**REQUIREMENT**. The entries below contain a line with "Chất liệu: Da" and a line with "- La piscine". Retype exactly everything from the first down to the second, both included, and nothing else.
─── INFORMATION SHOWN
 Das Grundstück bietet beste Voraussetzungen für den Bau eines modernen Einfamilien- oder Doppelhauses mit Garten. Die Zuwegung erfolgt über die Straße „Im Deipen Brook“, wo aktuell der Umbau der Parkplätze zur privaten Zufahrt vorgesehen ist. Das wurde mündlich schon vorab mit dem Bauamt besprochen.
──────
─── INFORMATION SHOWN
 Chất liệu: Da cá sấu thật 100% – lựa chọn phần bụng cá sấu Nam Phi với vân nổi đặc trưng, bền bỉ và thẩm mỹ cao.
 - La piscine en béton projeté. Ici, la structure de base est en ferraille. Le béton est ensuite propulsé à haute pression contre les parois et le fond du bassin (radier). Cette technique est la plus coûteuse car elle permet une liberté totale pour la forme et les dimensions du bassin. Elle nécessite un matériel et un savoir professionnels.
──────
**TASK RESPONSE**.
 Chất liệu: Da cá sấu thật 100% – lựa chọn phần bụng cá sấu Nam Phi với vân nổi đặc trưng, bền bỉ và thẩm mỹ cao.
 - La piscine en béton projeté. Ici, la structure de base est en ferraille. Le béton est ensuite propulsé à haute pression contre les parois et le fond du bassin (radier). Cette technique est la plus coûteuse car elle permet une liberté totale pour la forme et les dimensions du bassin. Elle nécessite un matériel et un savoir professionnels.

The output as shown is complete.